Bejana kehidupan
Dalam perjalanan hidup yang penuh liku, kita
adalah bejana yang ditempa oleh waktu. Waktu yang tak pernah bertanya, hanya
memberi dan mengambil dengan caranya sendiri. Ada saat angin bertiup lembut,
menyusupkan harapan di sela-sela hari yang bersinar cerah. Namun ada pula saat
badai mengguncang tanpa ampun, hampir memecahkan bejana yang telah kita isi
dengan mimpi dan doa.
Namun, hidup selalu memberi pilihan: apakah kita
akan menjadi bejana yang retak dan menyerah, atau tetap berdiri meski penuh
tambalan luka? Setiap manusia membawa takdirnya sendiri untuk mengisi bejana
kehidupannya—dengan cinta yang tulus, kesabaran yang tak berbatas, dan
kebijaksanaan yang tumbuh dari pengalaman pahit maupun manis.
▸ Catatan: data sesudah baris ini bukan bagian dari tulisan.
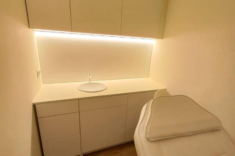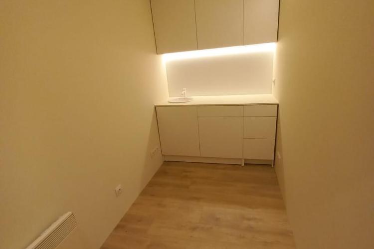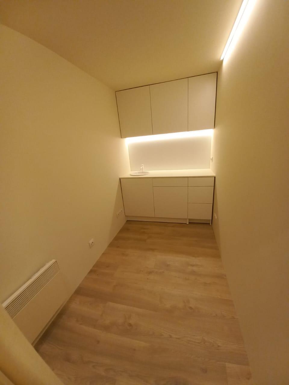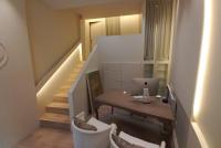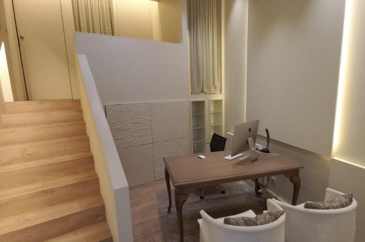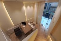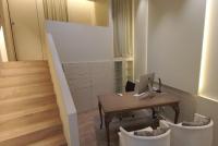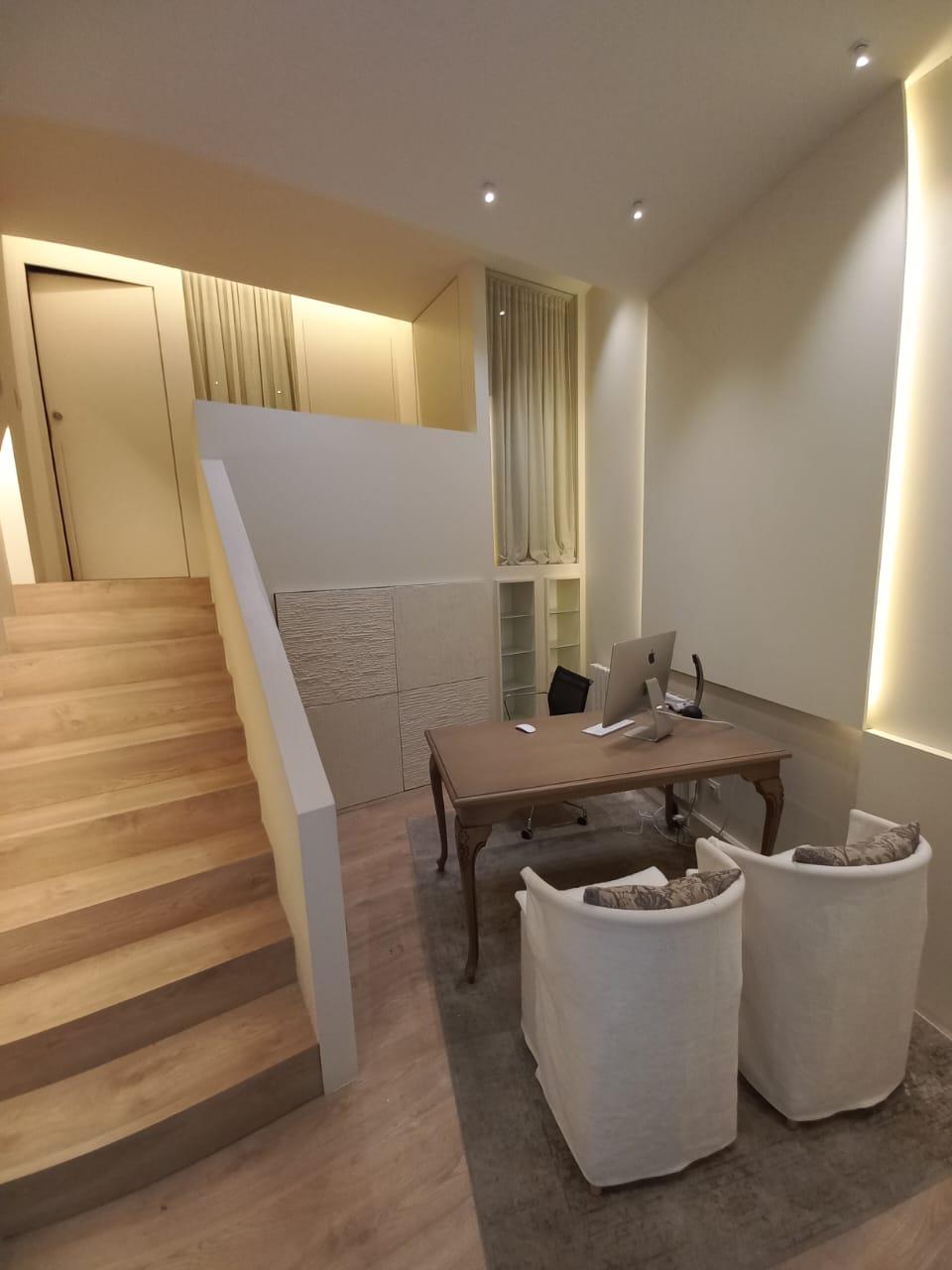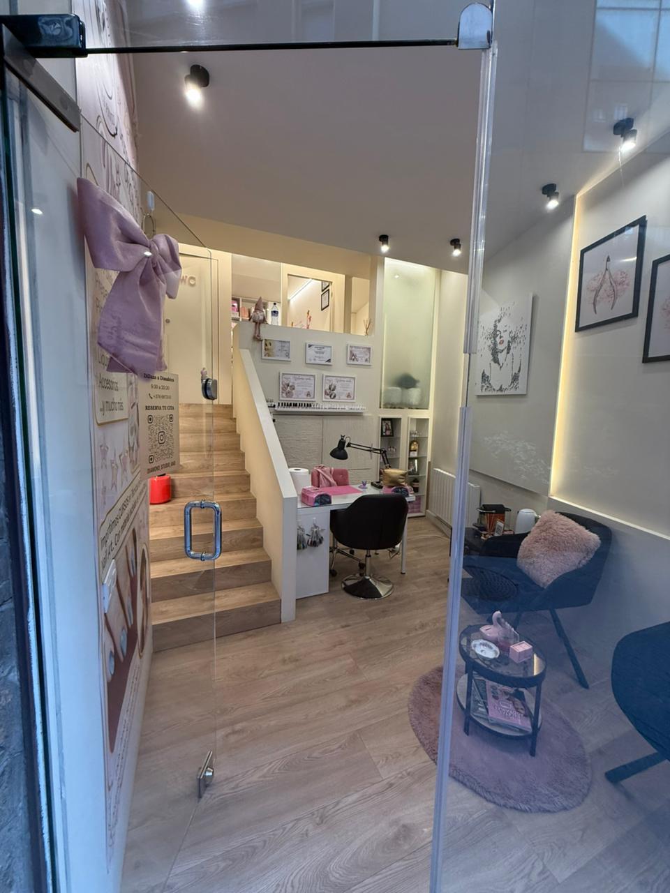 Te uns 38 m2 i actualment te un espai de recepció, dos zones de despatx o cabina i un bany.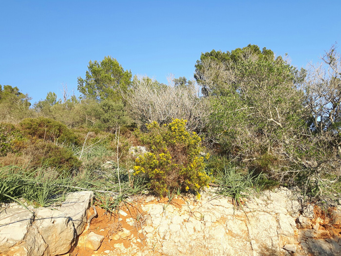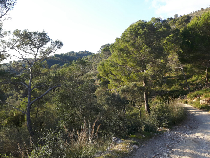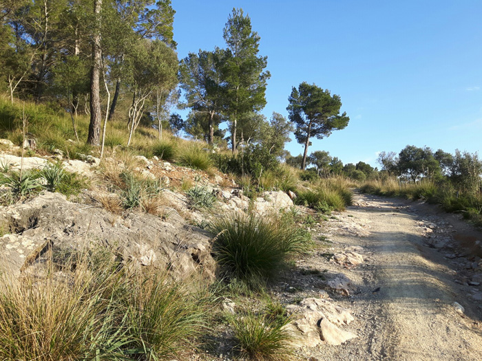 Der Aufstieg zum kleinen Gipfel des Berges verläuft beschwingt und ist nicht mit größeren Steigungen versehen. Auf halber Strecke können wir uns entscheiden, welches Streckenziel wir verfolgen. Es besteht die Möglichkeit - je nach Wanderlaune - auf einem kleinen Pfad direkt nach Son Servera zu wandern, bereits einen Abstiegsweg Richtung Via Verde zu wählen, oder wie heute den Gipfel zu erklimmen.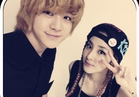 In the picture, Sandara is wearing a cap backwards and is making a V sign with her fingers showing off her cute charm, while her younger brother Thunder of boy group MBLAQ is making a cute smile.
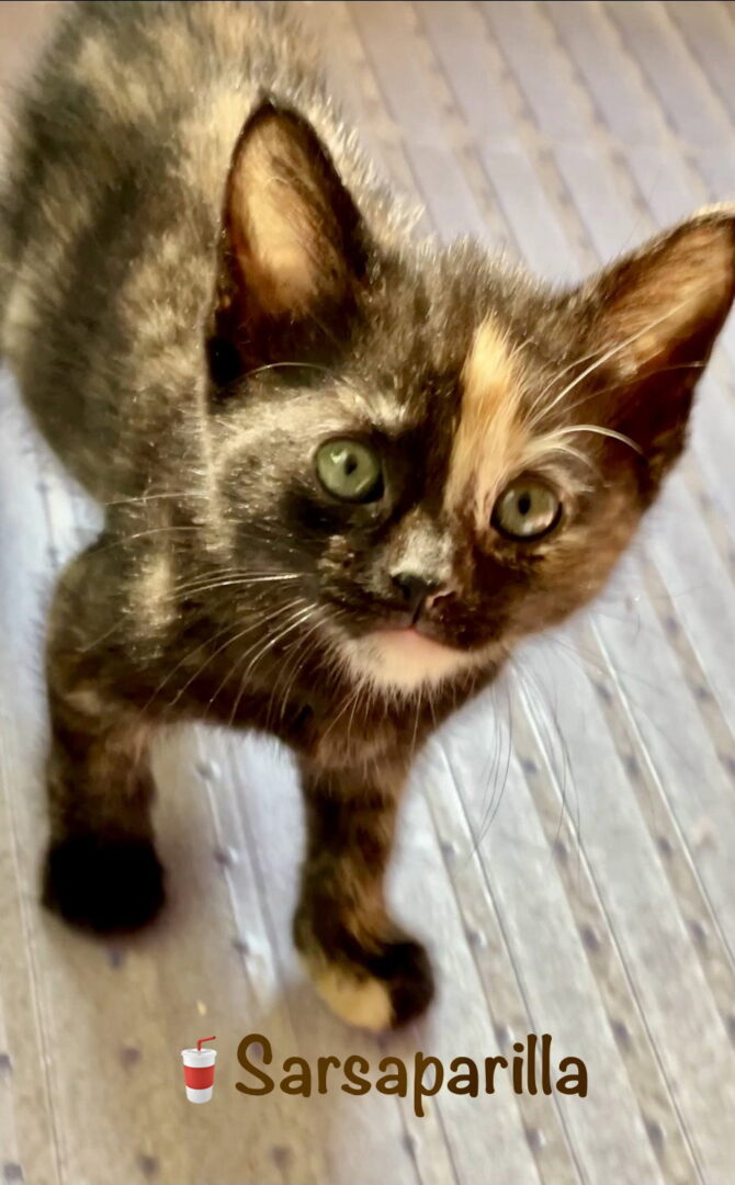 See Sarsaparilla’s HomepageGo to our official websiteSarsaparilla is a tiny kitten with a big tortie personality. This petite tortie is full of playful energy and sweetness, always keeping up with her Soda Pop siblings despite her small size. Sarsaparilla loves to “talk” to you when she wants attention or is ready for a meal, and it’s absolutely adorable. Her little voice and expressive personality make it easy to know exactly what she’s thinking. She’s affectionate, engaging, and full of charm, with that perfect blend of tortie sass and sweetness. When she’s not chatting with you, she’s playing, exploring, or settling in for some well-earned love. If you’re looking for a kitten with personality and a voice to match, Sarsaparilla is ready to steal your heart. sarsaparilla will be 8 weeks old and ready for adoption on May 15th! Interested in this Little Buddy? For the fastest response, please call our Adoption Coordinator at 703-431-5931 and leave a voicemail with your name, number and name(s) of the Little Buddy(s) you are interested in learning more about. Our Adoption Coordinator will return your call in 24-48 hours. Calls will be returned in the order they are received. Please only call once and remember to leave a detailed voicemail. Our adoption fee is $190 for a cat or kitten. This includes spay/neuter, microchipping, combo testing, age-appropriate vaccinations, deworming, flea treatment and any necessary medical care prior to adoption.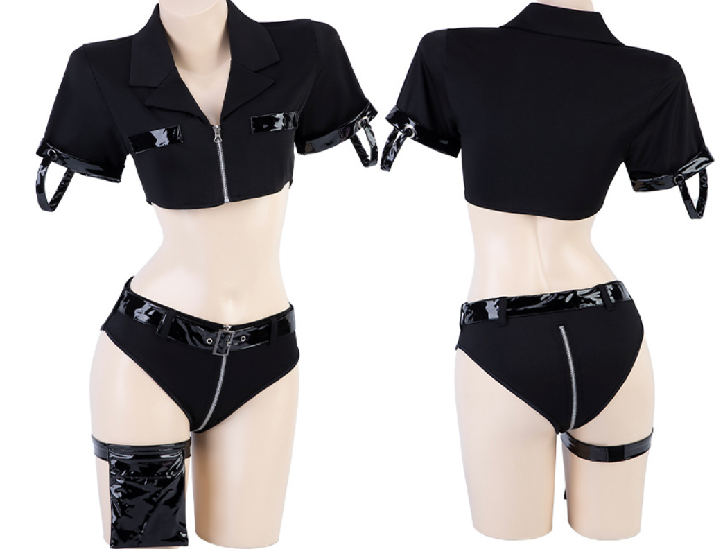 One size fit all,一個尺寸適合任何人。包含物:上衣、裙子、腿環、腰帶
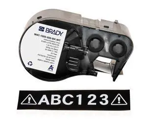 Brady Authentic (M4C-1000-595-BK-WT) All-Weather Vinyl Labels 1 in W x 25ft White on Black. for use with BMP41, BMP51, M410, M510, and M511 Label Printers.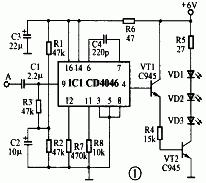 ,通过调频方式实现一款红外无线耳机.选用的锁相环器件CD4046是一种低频多功能锁相环集成电路,具有使用简单、VCO 中心频率和捕获频率范围可调、功耗低等特点.该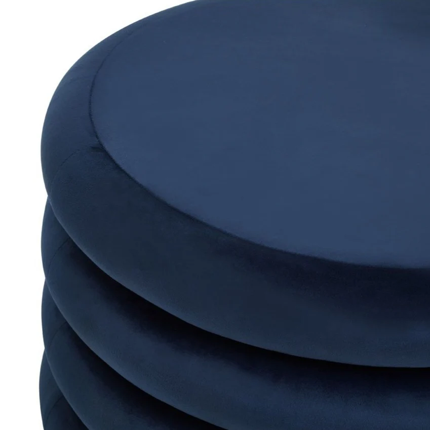 Ford Round Midnight Blue Velvet Ottoman Stool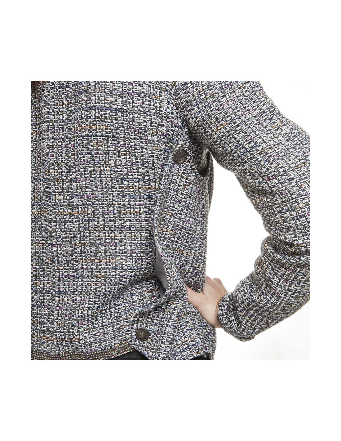 Chanel 'Paris-Bombay' jacket in acrylic and wool in gray tweed lined with gray monogram silk, lined with Swarovski crystal mesh bands.

Bila mengasihi terasa terlalu berat, jangan
biarkan kebencian menjadi tamu abadi di hati. Kebencian hanyalah bara api yang
diam-diam melahap kedamaian jiwa. Sebaliknya, jika cinta terasa sulit, biarkan
diam menjadi doa dan belas kasih yang tak bersuara. Sebab dunia tak butuh lebih
banyak hujatan, hanya lebih banyak keheningan yang penuh pengertian.
Kesempurnaan bukanlah piala yang mesti direbut.
Ia bukan berlian yang bersinar tanpa cela. Kesempurnaan adalah luka yang telah
sembuh, adalah tangis yang telah berubah menjadi senyum, adalah tangan yang
tetap terulur meski pernah terluka. Karena sejatinya, sempurna ada dalam cara
kita menerima hidup dengan ikhlas dan mensyukuri apa yang telah Tuhan titipkan.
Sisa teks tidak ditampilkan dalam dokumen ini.